Mr Maughan, who is also from a local dairying family, joined Milne Foods in 2005 after working for the then Department of Agriculture dairy section and as milk supply manager for dairy product manufacturers Peters and Brownes.
He has been Milne's business development manager and both dairy and beef product manager.
Mr Maughan confirmed he expects to contemplate retirement at some time during the next 12 months and that Ms Andony would be trained up and transition as his successor.
Ms Andony has worked for Western Dairy since 2014, utilising her own experience as a volunteer at youth cattle camps and on the cattle show circuit by starting part time as Young Dairy Network co-ordinator where she helped establish the WA Young Dairy Farmer of the Year Awards.
In later years she was Western Dairy's extension officer and part of her role from about 2016 was helping organise the extremely popular Dairy Innovation Day in May, which showcases the latest in dairy equipment and research, as well as the dairy industry's Spring Field Day.
Opening the 2018 Dairy Innovation Day on Mick and Sophia Giumelli's Benger farm, retiring Dairy Australia managing director Ian Halliday, described it as the best industry information event in Australia and run for some of the country's best dairy farmers.
Before she joined Western Dairy, Ms Andony was its first honours scholarship recipient.
She holds a bachelor degree in animal science with dairy science honours from Murdoch University.
Western Dairy's scholarship helped her complete comparative research for her honours thesis assessing the accuracy and convenience of onfarm blood test kits to detect subclinical ketosis in early lactation dairy cows.
Western Dairy now awards two or three honours scholarships a year to students to undertake research relevant to the dairy industry.
Ms Andony's ketosis thesis saw her awarded as runner-up Best Presenter in the 2015 Emerging Scientist Award.

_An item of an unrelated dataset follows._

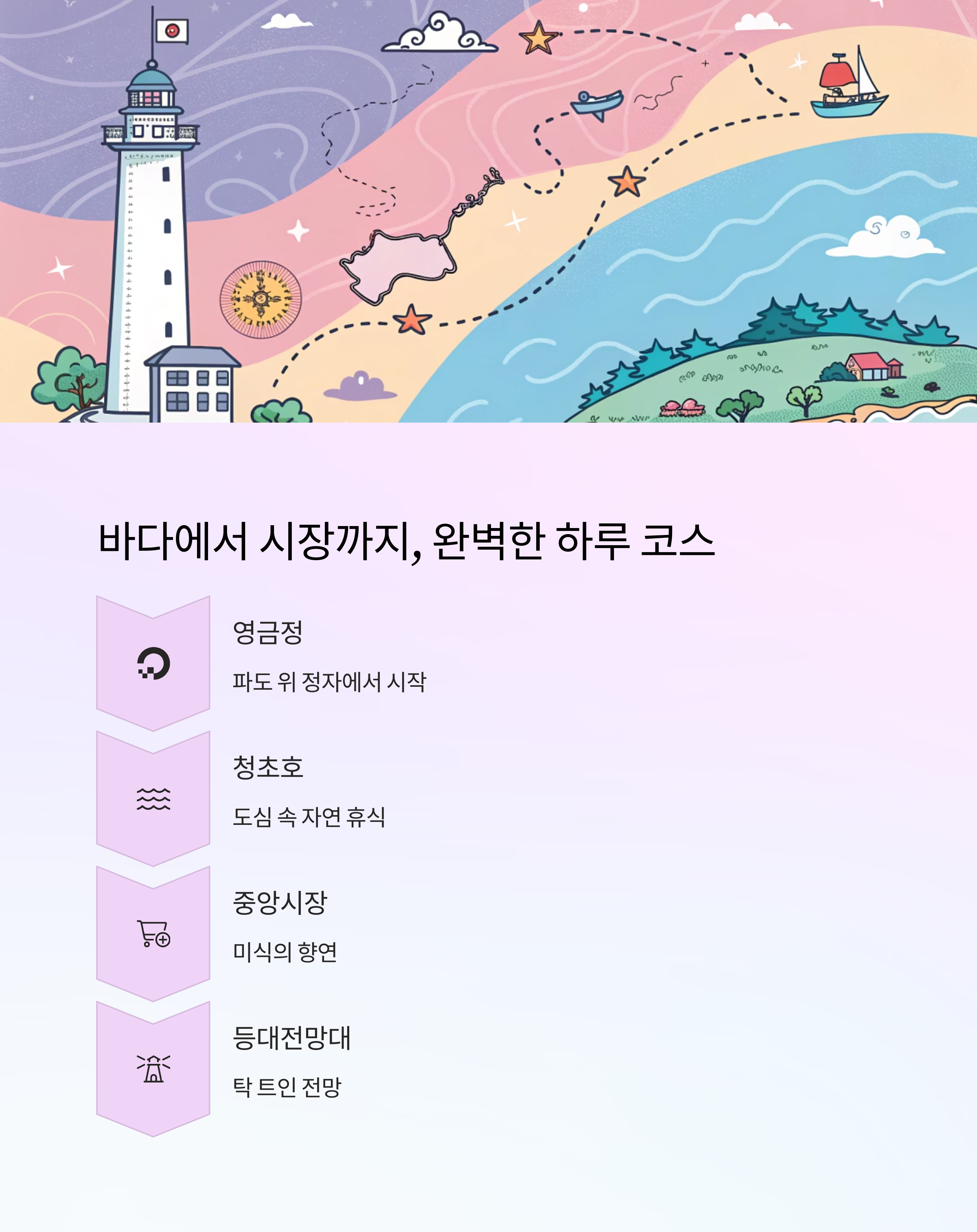속초의 푸른 바다와 전통시장 정취가 어우러지는 여정을 따라가면

She was the WAFarmers and Rural Bank Agriculture Award winner in the 2017 7NEWS Young Achiever Awards WA.
The award was partly in recognition for her co-ordinating disaster relief for dairy farmers after the 2016 Waroona-Harvey bushfires.
She organised donated feed deliveries and supplies to fire-affected dairy farmers and set up a database to help co-ordinate the relief effort.
As Western Dairy's extension officer, Ms Andony distributed the latest technical information on feeds, pasture, animal health, milk quality, dairy safety, effluent management and a range of related topics, to dairy farmers and organised regular workshops and training.
"I'm 100 per cent grateful to Western Dairy for the opportunities they have provided to me - they gave me my first job after university and I am leaving on really good terms," Ms Andony said.
"I'm sure in my new role at Milne Feeds I'll be maintaining contact with the Western Dairy team, our dairy farmers, the Young Dairy Network and I'll be attending Dairy Innovation Day and the Spring Field Day."
The Western Dairy board has thanked Ms Andony for her contribution to the dairy industry and wished her every success for the future.